LancashireButterPie · 17/07/2025 10:05

Aww don't take it to heart.
Mine used to ask me to park around the corner from school so no one would see me dressed in my mortifying NHS uniform.
They are just kids, trying to find their way in the world. Don't take it to heart but maybe make less fuss when you are around her friends.

Comtesse · 17/07/2025 10:07

Orderofthephoenixparody · 17/07/2025 09:55

At the age of 10 yes.

I think you are dead wrong. 10yo are allowed a point of view and should be allowed to talk about it - but in no way does this mean that everyone has to fall into line.

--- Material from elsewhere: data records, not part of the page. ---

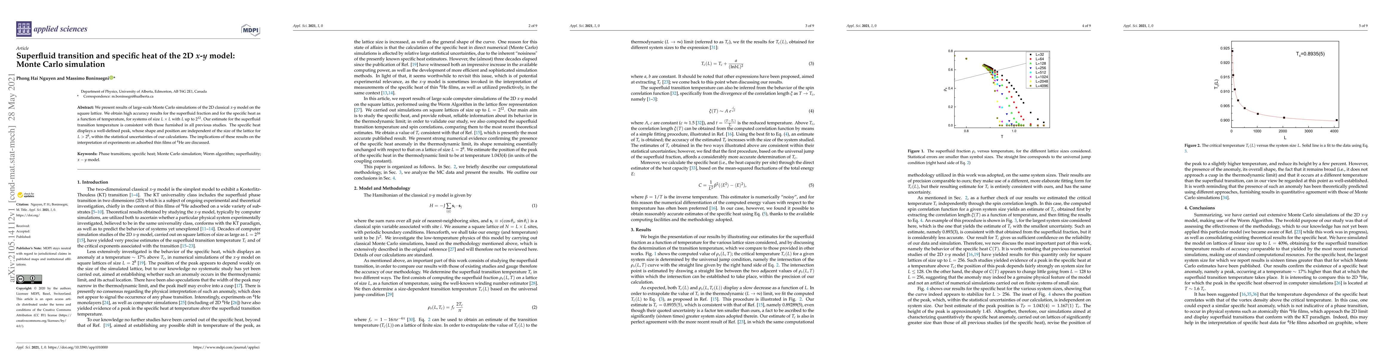This paper reports large-scale Monte Carlo simulations of the 2D classical x-y model, yielding precise data on superfluid fraction and specific heat. The study confirms the superfluid transition temperature and finds a consistent specific heat peak shape, suggesting implications for He-4 thin film experiments.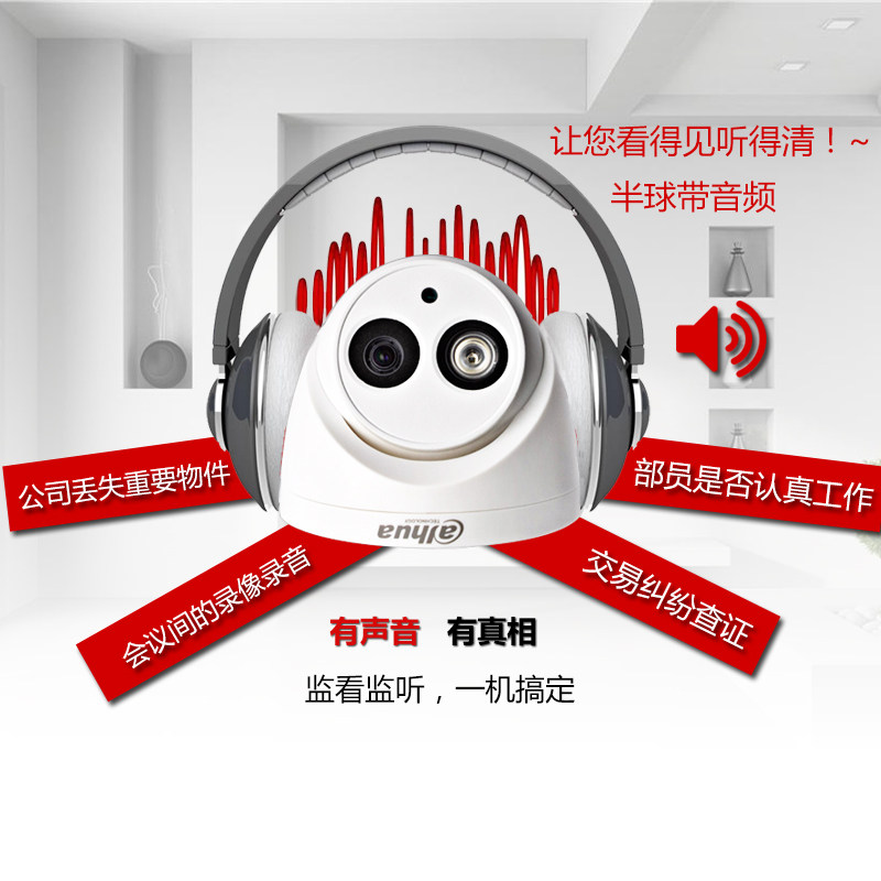 大华网络监控摄像头200万高清夜视半球摄像机H265室内家用1235C-A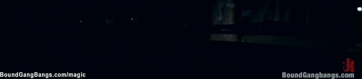 Boyfriend James Deen drove sexy girlfriend Kenzie Vaughn in woods in the middle of the night and with his pals bound and double penetration fucked on mattress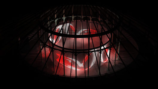 Questa volta il grande designer di origini israeliane ha creato una grande installazione alla Roundhouse di Londra, un ex officina di motori a vapore trasformata oggi in spazio espositivo multi-disciplinare. L’opera in questione prende il nome di Curtain Call ed è appunto un enorme tenda circolare di 18 metri di diametro che funge da telo per proiezioni. Su questo enorme schermo vengono proiettati video di artisti invitati da Arad, che per l’occasione si è trasformato in una sorta di curatore d’arte.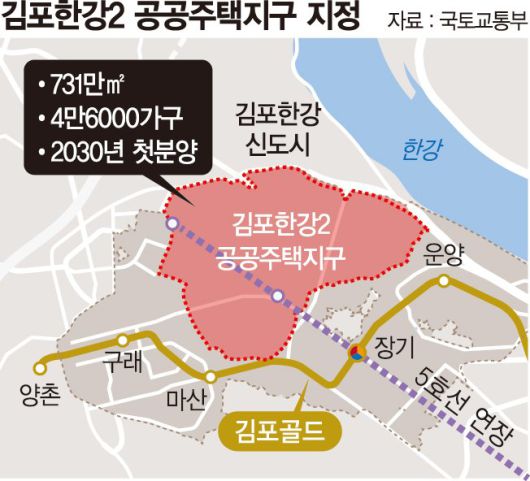 김포한강2지구 인근에는 김포한강신도시 1086만㎡(5만6000가구)를 비롯해 김포장기지구 88만㎡(5000가구), 김포양곡지구 84만㎡(5000가구), 김포감정1지구 34만㎡(4000가구) 등 4개 개발사업이 추진 중이다. 김포한강2지구까지 포함하면 총면적은 2023만㎡, 가구수는 11만6000가구로 늘어난다.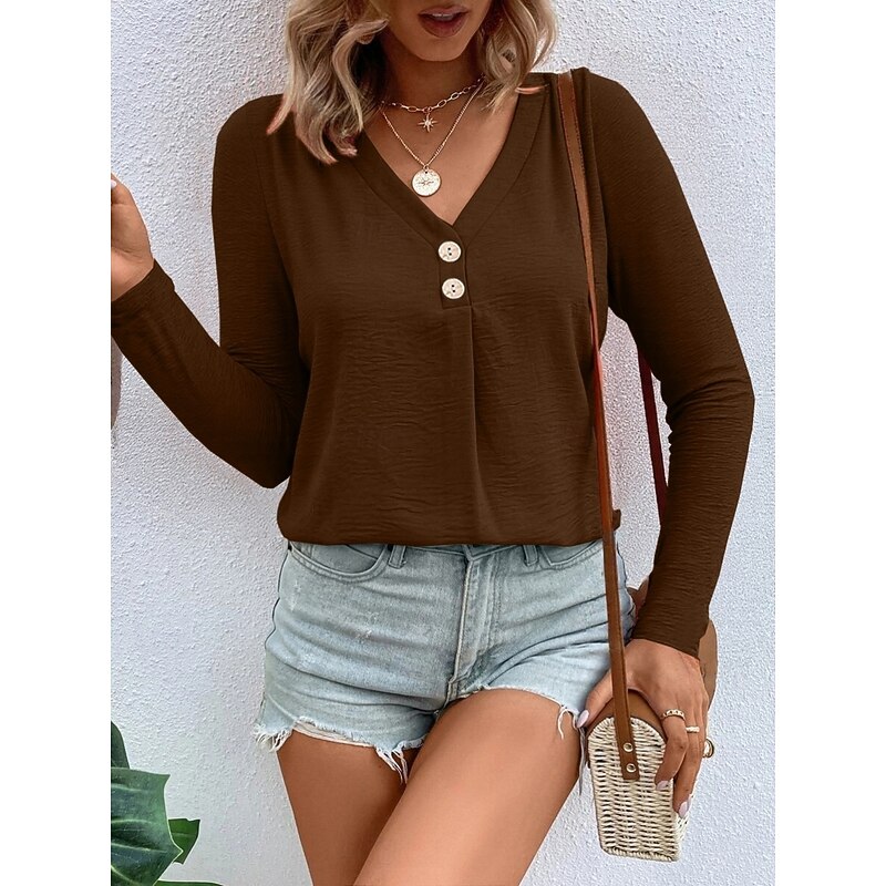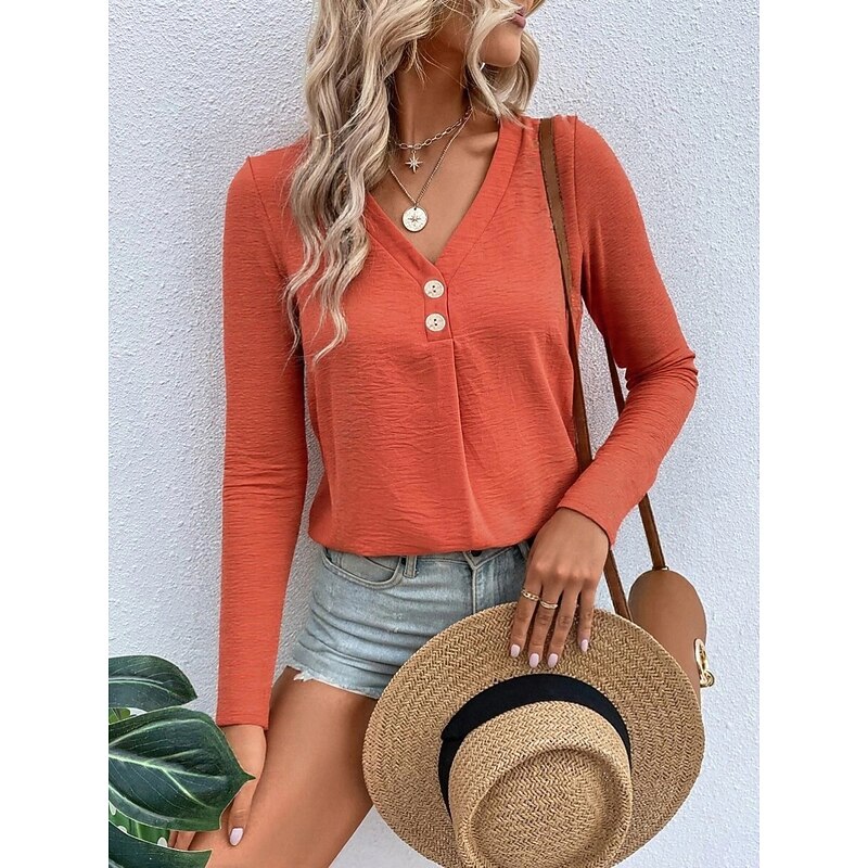 This Women's Blouse Solid Color sleek Casual Long Sleeve V Neck Regular Tops Daily Buttons Red Orange Brown Summer Spring Fall combines elegant design with practical functionality. Every detail has been carefully considered to ensure you get the best possible experience. The first-class construction means this product will serve you well for years to come.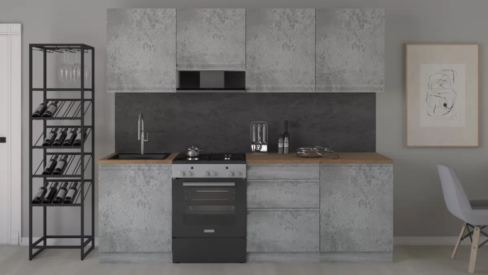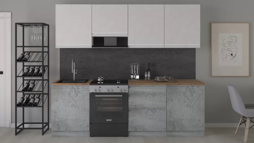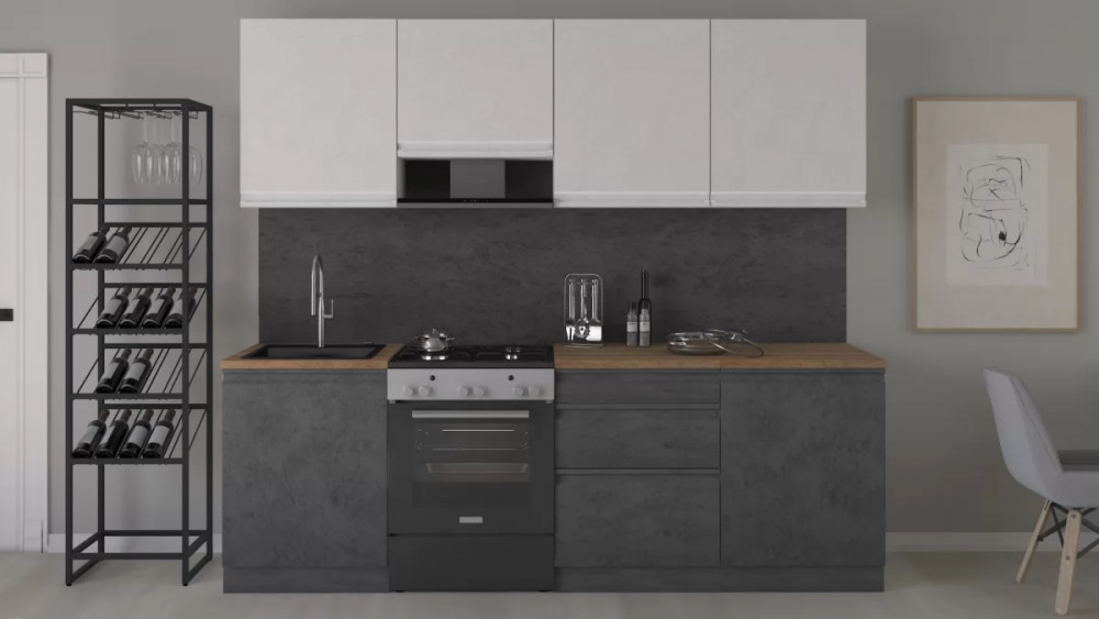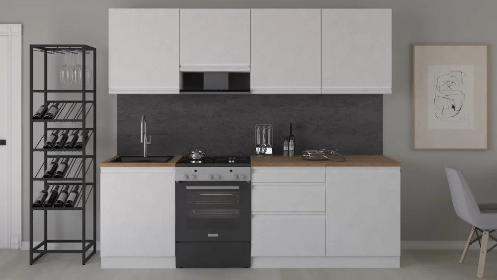 Габаритный размер готового набора модулей с учетом газовой плиты на 60см: 240 см.

pearcrumblee · 17/07/2025 10:07

Whenever I had friends over as a child my mother would spend in my view too much time talking to them when they arrive. She would bring over snacks and again loiter and start talking. It was any excuse, it seemed she was trying to figure out who they were. We would go into the garden to have our chats about boys etc and mother would turn up with drinks and again loiter.
I really really hated it as it felt like an invasion. So I stopped inviting them around.

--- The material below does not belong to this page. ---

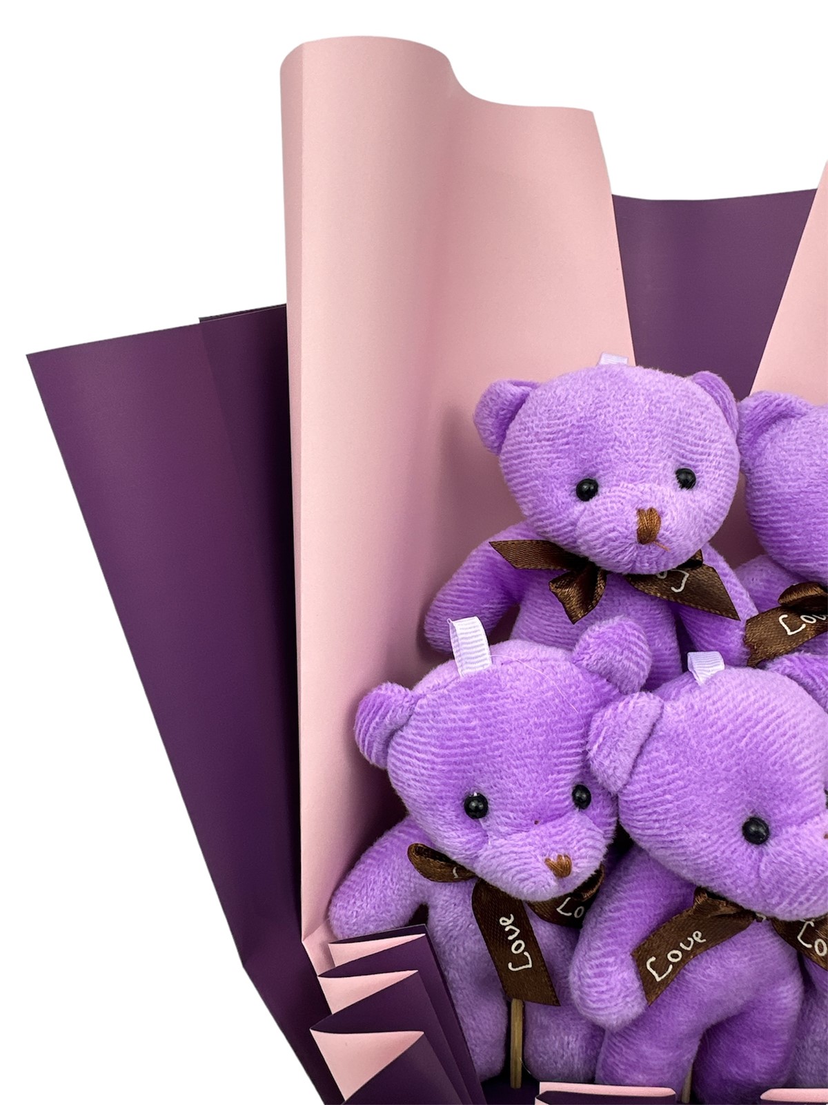 MOR TEMALI SEVİMLİ AYICIK BUKETİ

Give your daughter space, the more you keep a distance from her friends at this age, the more she will trust you.

Orderofthephoenixparody · 17/07/2025 10:07

EggnogNoggin · 17/07/2025 09:58

All I can say to that is that I think you're 100% wrong and we'll have to agree to disagree because I just have nowhere to go with your (wrong) opnion that 10yo should be seen and not heard.

I hope my daughter always feels safe talking to me even if it makes me feel uncomfortable. I'd be shocked if your daughter would prefer a mum that's tells her to sit down and shut up but that's your lookout.

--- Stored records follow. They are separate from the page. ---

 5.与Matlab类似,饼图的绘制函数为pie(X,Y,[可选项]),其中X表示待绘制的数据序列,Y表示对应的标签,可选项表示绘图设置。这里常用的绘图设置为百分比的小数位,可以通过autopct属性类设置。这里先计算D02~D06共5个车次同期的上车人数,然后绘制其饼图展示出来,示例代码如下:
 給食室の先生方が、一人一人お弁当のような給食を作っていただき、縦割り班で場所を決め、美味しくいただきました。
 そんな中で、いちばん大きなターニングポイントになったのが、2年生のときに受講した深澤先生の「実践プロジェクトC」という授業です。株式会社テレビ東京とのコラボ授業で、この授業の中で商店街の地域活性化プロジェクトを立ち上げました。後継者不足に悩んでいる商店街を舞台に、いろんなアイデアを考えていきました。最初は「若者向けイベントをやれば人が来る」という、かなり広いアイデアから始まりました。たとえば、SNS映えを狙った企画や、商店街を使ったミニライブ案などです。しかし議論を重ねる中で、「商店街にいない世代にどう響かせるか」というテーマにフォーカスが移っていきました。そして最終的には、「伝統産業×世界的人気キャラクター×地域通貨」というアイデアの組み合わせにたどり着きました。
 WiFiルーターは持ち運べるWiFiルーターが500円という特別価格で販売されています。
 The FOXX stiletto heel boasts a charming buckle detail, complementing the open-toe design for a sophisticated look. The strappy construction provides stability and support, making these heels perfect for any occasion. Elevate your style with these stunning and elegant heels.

I have a 10 year old and HE is very switched on emotionally. I don't have that problem HE would never say that to me.

Doteycat · 17/07/2025 10:08

BeMellowAquaSquid · 17/07/2025 10:04

No definitely don’t weaponise it. Nothing wrong with me at all. Same as when in reverse they have said I wish you wasn’t my mum, or I wish so and sos mum was my mum, it smarts, you move on. Like I said my children are grown up teenagers, magnificent kids and a bit of tough love hasn’t done them any damage whatsoever. Same as with their grandparents they had their great Nan until she was 102 they realise they won’t have them forever so show patience and kindness whilst you still can.

Anyway, back to OP it was a knee jerk reaction am just intrigued as to where you go from here and will you replace birthday money or stand by your decision now you have other perspectives? Don’t beat yourself up every parent on here is on a learning curve.

Yet here you are weaponising it.
And of course saying gosh no not me.
You are. Saying that to them IS weaponising it.